## [Required work]
Print only the lines below from the one with "色んなタイプのブルテリアがラ" to the one with "Budynek gospodarczy, wolnostojący.", both included, exactly as they stand. Leave pictures out.

** Opening Data under study block **

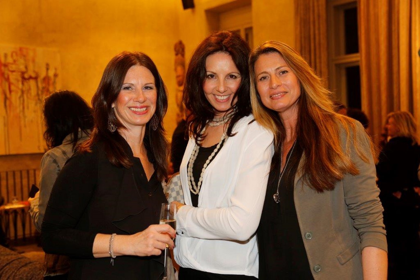 Journalistin/Autorin Tina Veit-Fuchs und Journalistin/Bloggerin Hedi Grager bei der Vernissage Femmes choc bei Gangl Interieur, hier mit Malerin Asma Eva Kocjan (Foto Manfred Lach)
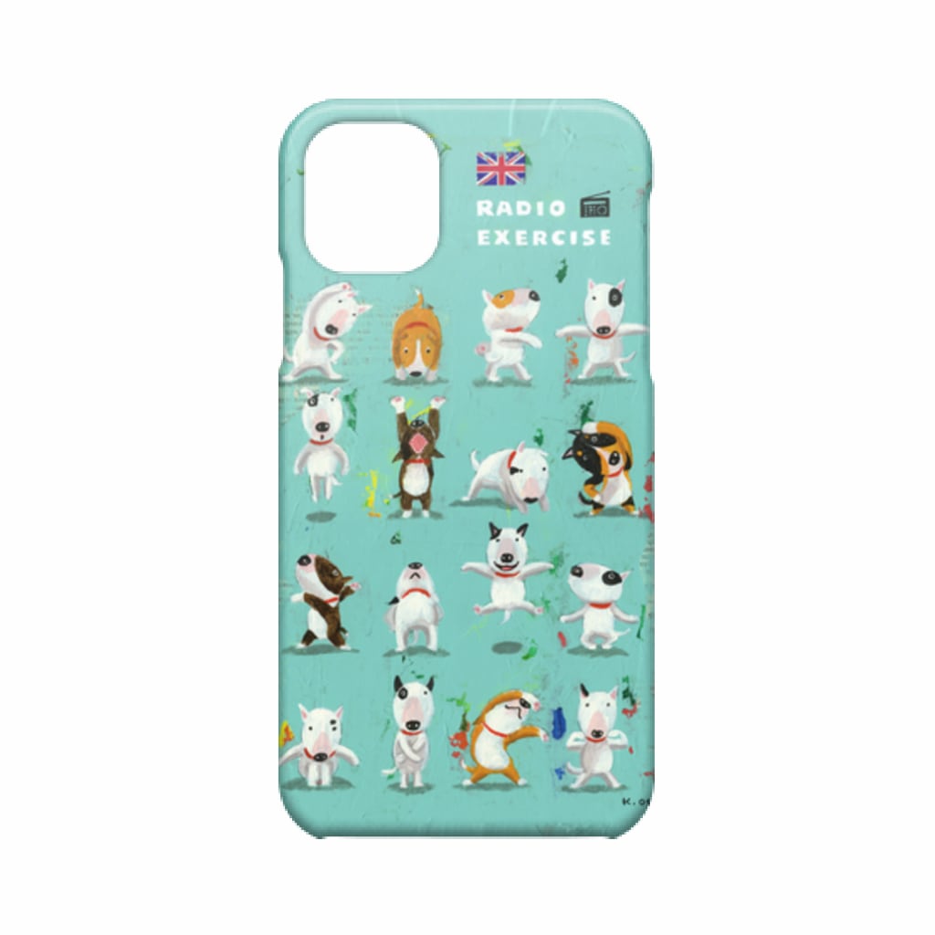 色んなタイプのブルテリアがラヂオ体操をしている楽しいデザインのスマホケース(カバータイプ)です。
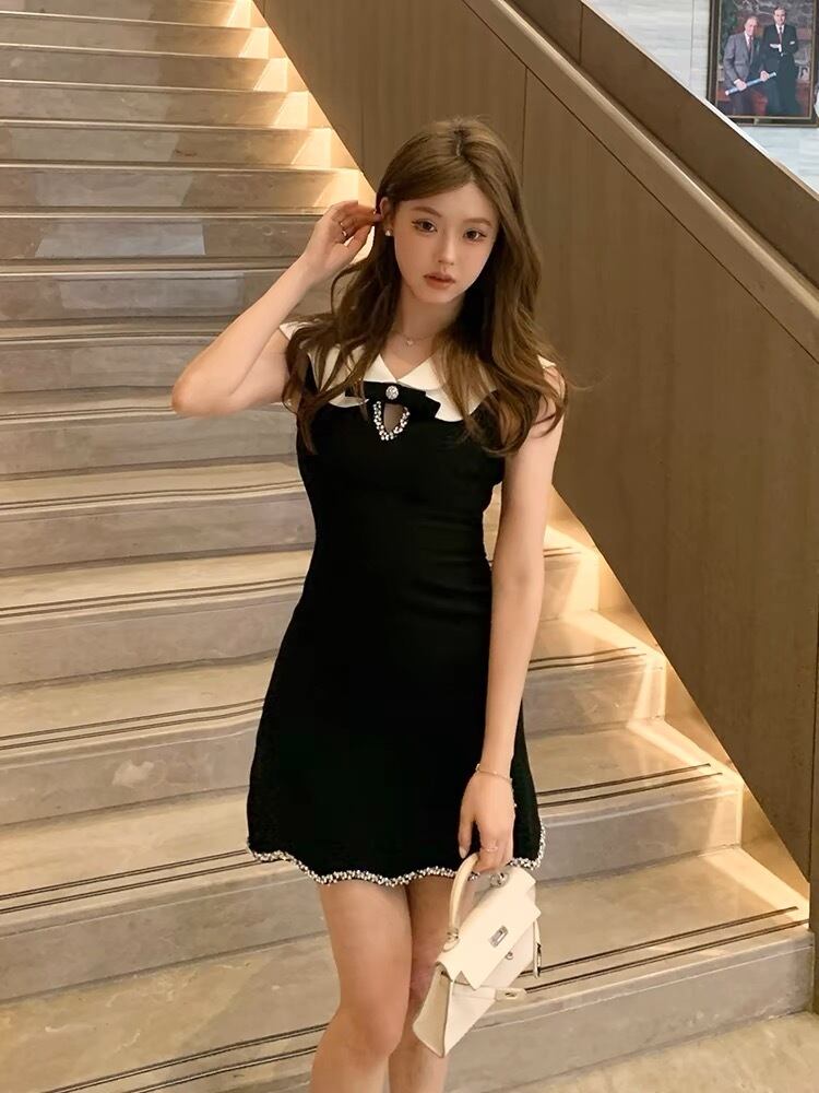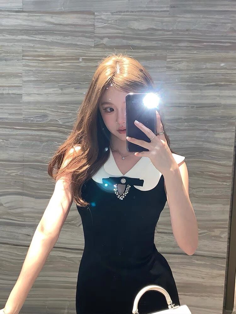 丸襟ブラックワンピース
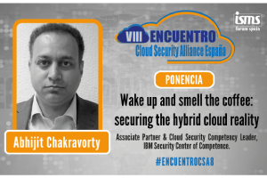 Uno de los ponentes más destacados es Abhijit Chakravorty, Associate Partner & Cloud Security Competency Leader, IBM Security Center of Competence, que participará con un keynote bajo el título Wake up and smell the coffee: securing the hybrid cloud reality. Podrás verlo el próximo 28 de noviembre, de 09.00 a 15.00hs, en el Auditorio Principal de CaixaForum Madrid (Paseo del Prado, 36. Planta -2), en el marco del VIII Encuentro de Cloud Security Alliance España.
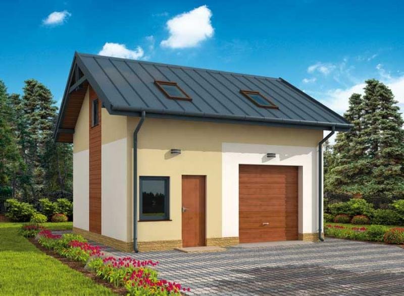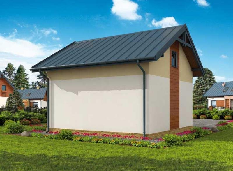 Budynek gospodarczy, wolnostojący. Projekt składa się z części architektonicznej, konstrukcyjnej i wewnętrznej instalacji elektrycznej. W projekcie załączone są podstawowe zestawienie stali, drewna i stolarki okienno-drzwiowej. Do projektu dołączamy bezpłatną zgodę na wprowadzenie zmian, oświadczenie projektantów o wykonaniu projektu zgodnie z obowiązującymi normami i przepisami oraz kserokopie uprawnień projektantów wraz z aktualnym wpisem do izby. W przypadku zamówienia projektu w technologii lekkiej, drewnianej konstrukcji szkieletowej, powierzchnia użytkowa budynku jest o około 7% większa.
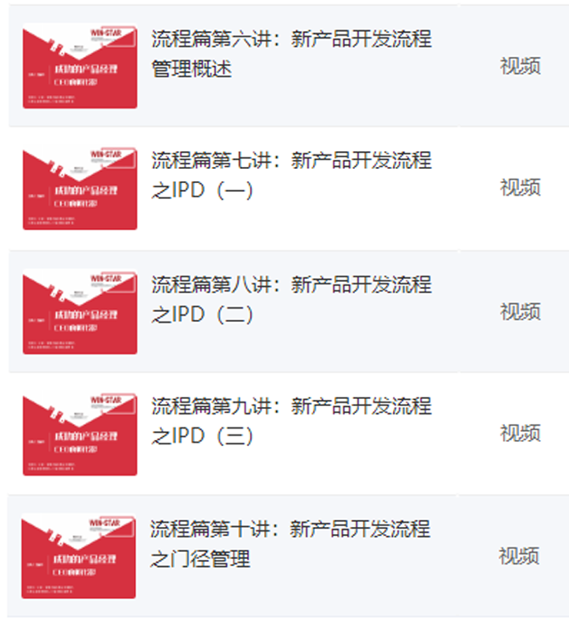项目管理(已上线) 风险管理(已上线) 新产品开发流程 l 新产品开发流程管理综述(已上线) l 集成产品开发(IPD)(已上线) l 门径管理(Stage-gate)(已上线) l 敏捷开发(Agile) l 精益产品开发 市场营销 |

** Closing Data under study block **

## [Answer]
 色んなタイプのブルテリアがラヂオ体操をしている楽しいデザインのスマホケース(カバータイプ)です。
 丸襟ブラックワンピース
 Uno de los ponentes más destacados es Abhijit Chakravorty, Associate Partner & Cloud Security Competency Leader, IBM Security Center of Competence, que participará con un keynote bajo el título Wake up and smell the coffee: securing the hybrid cloud reality. Podrás verlo el próximo 28 de noviembre, de 09.00 a 15.00hs, en el Auditorio Principal de CaixaForum Madrid (Paseo del Prado, 36. Planta -2), en el marco del VIII Encuentro de Cloud Security Alliance España.
 Budynek gospodarczy, wolnostojący. Projekt składa się z części architektonicznej, konstrukcyjnej i wewnętrznej instalacji elektrycznej. W projekcie załączone są podstawowe zestawienie stali, drewna i stolarki okienno-drzwiowej. Do projektu dołączamy bezpłatną zgodę na wprowadzenie zmian, oświadczenie projektantów o wykonaniu projektu zgodnie z obowiązującymi normami i przepisami oraz kserokopie uprawnień projektantów wraz z aktualnym wpisem do izby. W przypadku zamówienia projektu w technologii lekkiej, drewnianej konstrukcji szkieletowej, powierzchnia użytkowa budynku jest o około 7% większa.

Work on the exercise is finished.